Even if Canadian businesses were comfortable with owning corporate aircraft, our economy just doesn’t have the strength to support widespread purchases. It’s not just because Canada’s market is 1/10th the size of the US: it’s also because Canadian executives are paid far less than their US counterparts. Without this extra income and business-paid budgets to match, they do not have the money at hand to buy private aircraft the way American executives do.

This fact makes it hard for Canadian fractional companies to purchase aircraft, which they have to do in order to sell shares in them. “It requires a tremendous amount of capital to operate a fractional ownership service,” observes AirSprint’s Macor. “This is why – besides ourselves – there hasn’t been an entrant that has fully committed to the Canadian marketplace.”

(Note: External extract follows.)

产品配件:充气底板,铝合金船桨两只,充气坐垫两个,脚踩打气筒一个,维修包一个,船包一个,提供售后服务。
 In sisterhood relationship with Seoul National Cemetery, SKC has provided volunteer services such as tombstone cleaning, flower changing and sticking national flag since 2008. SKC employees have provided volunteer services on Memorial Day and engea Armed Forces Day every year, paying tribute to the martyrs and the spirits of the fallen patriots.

“In addition, US tax laws encourage American business to buy their own aircraft,” says Integra Air’s Gateman. “That’s not the case in Canada. In fact, Transport Canada’s regulations – which don’t recognize fractionallyowned business aircraft as being unique the way the FAA does – lump this category in with commercial aircraft in general, adding to cost and paperwork. This can result in a fractionally-owned aircraft sitting on the tarmac for months unused, while we wait for the documentation to be approved. Businesspeople are impatient by nature: They don’t like to wait, and will often go elsewhere if they’re forced to wait too long.”

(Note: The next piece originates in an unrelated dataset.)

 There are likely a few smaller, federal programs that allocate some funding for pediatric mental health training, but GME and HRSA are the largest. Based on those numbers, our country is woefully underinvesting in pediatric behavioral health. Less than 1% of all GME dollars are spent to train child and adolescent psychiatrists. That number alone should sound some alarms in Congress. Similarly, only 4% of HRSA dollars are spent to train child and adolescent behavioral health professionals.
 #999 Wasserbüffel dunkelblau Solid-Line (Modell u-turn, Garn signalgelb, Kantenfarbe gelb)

If these hurdles aren’t enough, geography in Canada works against fractional ownership, while helping to boost it south of the border.

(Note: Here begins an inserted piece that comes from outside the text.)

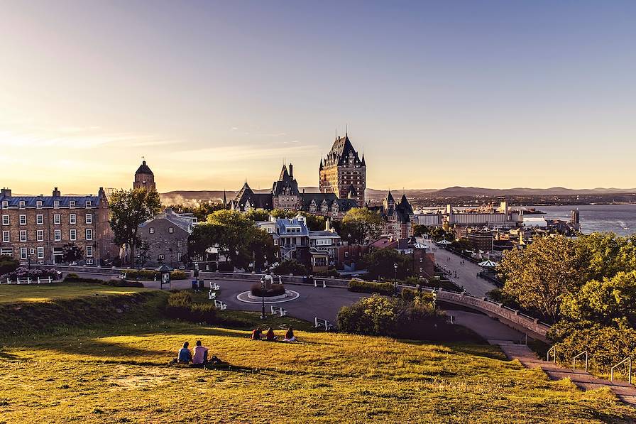 Notre suggestion pour le coucher de soleil - Dirigez-vous vers le traversier qui relie la ville de Québec à celle de Lévis, de l'autre côté du Saint-Laurent. La traversée, brève, permet de profiter d'un panorama unique sur le Vieux-Québec qui s'illumine. En été, quelques food trucks s'installent sur le Quai Paquet et des animations viennent souvent égayer la sortie. Sinon, vous pourrez toujours profiter de la vue prodigieuse sur le château Frontenac.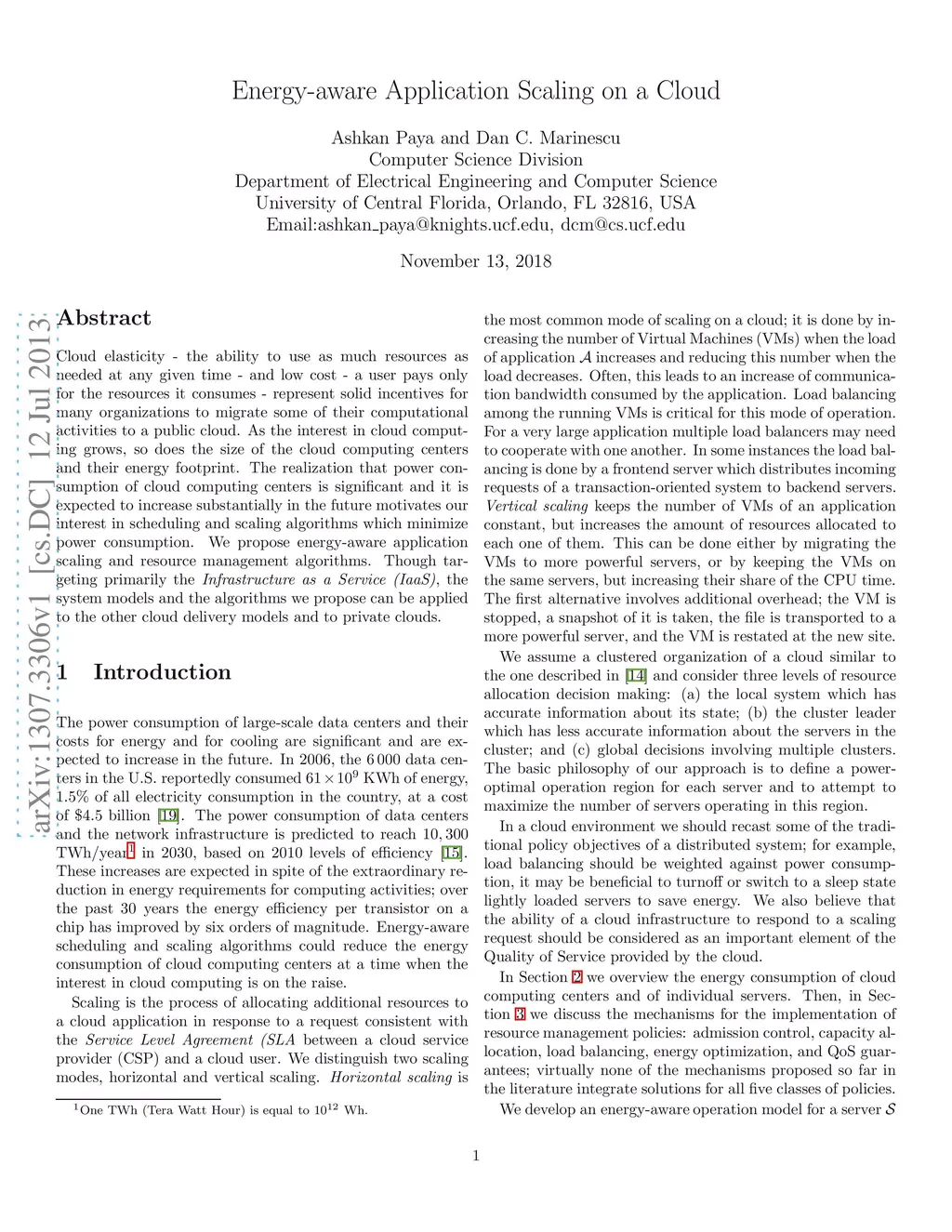 Cloud elasticity - the ability to use as much resources as needed at any given time - and low cost - a user pays only for the resources it consumes - represent solid incentives for many organizations to migrate some of their computational activities to a public cloud. As the interest in cloud computing grows, so does the size of the cloud computing centers and their energy footprint. The realization that power consumption of cloud computing centers is significant and it is expected to increase substantially in the future motivates our interest in scheduling and scaling algorithms which minimize power consumption. We propose energy-aware application scaling and resource management algorithms. Though targeting primarily the Infrastructure as a Service (IaaS), the system models and the algorithms we propose can be applied to the other cloud delivery models and to private clouds.

“Even though Canada is a very large country, the actual market for business aviation is highly concentrated along the Canada-US border,” says Dr. D’Cruz. “As a result, virtually all of the major centres that could be reached by business aircraft are already well covered by commercial carriers. Given that these carriers charge less and offer a varied schedule of flights, Canadian companies are far more likely to use them than to spend extra for the added flexibility of using their own aircraft.”

“Canada’s geography really doesn’t work well for business travel, what with its long distances between cities,” he adds. “In contrast, the US has urban areas distributed throughout its territory. For most companies, this means that they are working within regions that are easily and efficiently covered by small aircraft. There’s also not the same degree of commercial service to smaller centres as there is in Canada, making business aviation more of a necessity than a luxury.”

This last point is proven by Wal-Mart’s US fleet of business jets. “Wal-Mart is not known for extravagance, yet they have their own fleet,” says Dr. D’Cruz. “Why? Because every Monday Wal- Mart dispatches its vice-presidents from head office in Bentonville, Arkansas to check stores throughout the country. Given their schedules and available commercial flights, it is simply more cost-effective for Wal-Mart to fly them itself. Contrast that with Canada, where the company doesn’t operate its own aircraft: The reason is that they can get where they need to using commercial carriers, so they do.”

DETERMINED TO KEEP GOING
Despite these challenges, Air- Sprint, Bombardier Flexjet, Jet-Share Canada and Corporate Express are sticking with the Canadian fractional ownership market. “In fact, we’re expecting the market to grow, which is why we have four Citations 550s and 20 Pilatus PC-12s on order,” says AirSprint’s Macor. “We also have a 95% retention rate for our fractional ownership program,” Bombardier Flexjet’s Lévesque says, “which is a good testament to how satisfied our fractional owners are.”

Still, it will likely take a major decline in fractional ownership costs, relative to commercial carriers and other mass transportation alternatives, to make this aircraft option popular in Canada. That’s just how Canadians are: In this market, price trumps convenience and sometimes even economic common sense.